Today’s sex ed class is filled with talks about issues of consent and respect in healthy relationships, and these issues are definitely important in maintaining a healthy relationship. However, the problem with this is the contrast that students experience in popular culture. As we continuously see in contemporary music (and in some older stuff) and film, women are constantly being made the object of attention, and usually either in a degrading or submissive way. Meanwhile, this comes at a time where we see politicians and companies moving towards greater representation and equality. When asked of his fulfilled campaign promise of gender parity among cabinet members, Canadian Prime Minister Justin Trudeau replied “because it’s 2015.” If this is true for politics, then why is it not the same for music and film? If we can move past gender inequality in politics because it’s 2015 (2016 now), then why can’t we move past issues of respect for the same reasons?

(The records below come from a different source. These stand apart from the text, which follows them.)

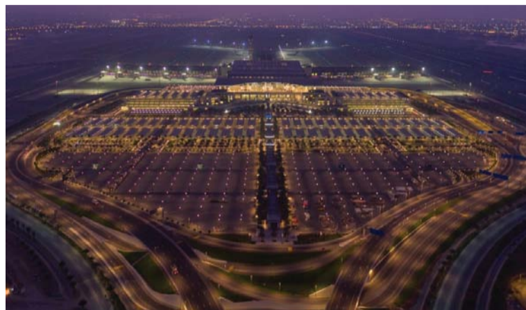
■ الوكالة أكدت أن سلطنة عمان تمكنت من خفض الدين العام إلى نحو ٣٦,٥ بالمائة من الناتج المحلي الإجمالي بنهاية عام ٢٠٢٣

■ بلغ عدد زوار خريف ظفار منذ بداية الموسم وحتى ١٥ أغسطس الماضي نحو ٨١٦ ألفاً و٨١ زائراً بارتفاع نسبته ١٠,٣ بالمائة مقارنة مع الفترة نفسها من عام ٢٠٢٣، حيث بلغ العدد ٧٣٩ ألفاً و٨٨٤ زائراً، وفق ما جاء في التقديرات الأولية لأعداد زوار خريف ظفار ٢٠٢٤ الصادرة عن المركز الوطني للإحصاء والمعلومات.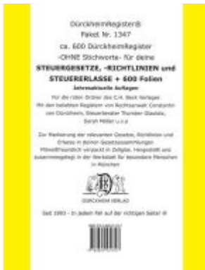
DürckheimRegister® Paket- STEUERGESETZE-RILI-ERLASSE: 600 DürckheimRegister® ohne Stichworte + 600 FOLIEN Ladenpreis: 85,00EUR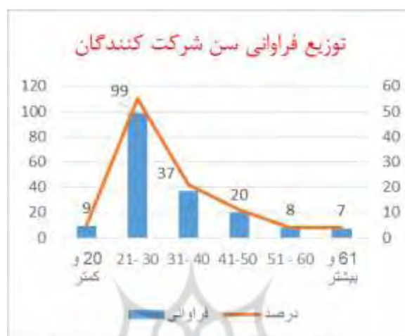
نمودار ۱: توزیع فراوانی سن شرکت‌کنندگان

تا ۴۰ سال برابر ۳/۵۱، میانگین نظرهای رده سنی ۴۱ تا ۵۰ سال برابر ۳/۵۶، رده سنی ۵۱ تا ۶۰ سال برابر ۳/۷۲ و در نهایت میانگین نظرهای رده سنی بالاتر از ۶۱ سال برابر ۳/۴۵ بوده است و تفاوت چندانی میان میانگین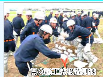
月の輪工法設置訓練

当日は、総勢258名の水防団員の参加により、平成25年7月出水時に実施した月の輪工法や釜段工法を含め4つの水防工法を設置する訓練を行い、出水時における現場での対応について確認しました。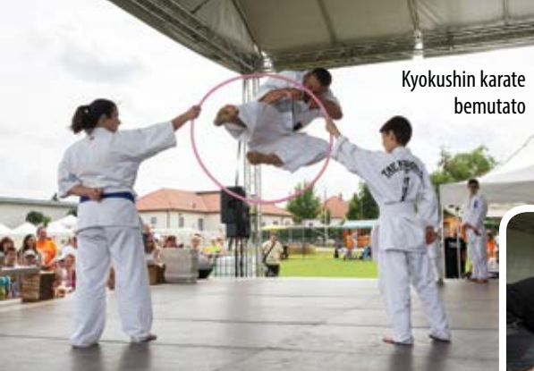
Kyokushin karate bemutató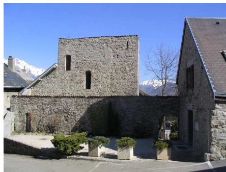
La Mure -Tour maison Carrale

Borne 8 : le patrimoine bâti et religieux

I have to say, watching the music videos and listening to the songs that I did for this assignment was one of the hardest academic things I’ve ever had to do. In some cases the images and lyrics are actually quite vulgar, and yet the music remains popular. Some artists did face backlash, and I believe that is important, for without this backlash, I would have lost faith that society was moving indeed forward out of its patriarchal hegemonic system. Yet despite this backlash and all the criticisms, artists continue to write these songs, displaying sexually explicit content in lyrics or in their music videos, which sometimes practically resemble pornography. And yet the music remains popular! It begs to question whether the success of the sexualization of the music industry has any correlation to or is in response to the abstinence methods taught in previous sex education curriculums.

One particular example which has recently gained a lot of media attention for its sexual element is Robyn Thicke’s Blurred Lines, which speaks of “good girls” being the object of attention in the song.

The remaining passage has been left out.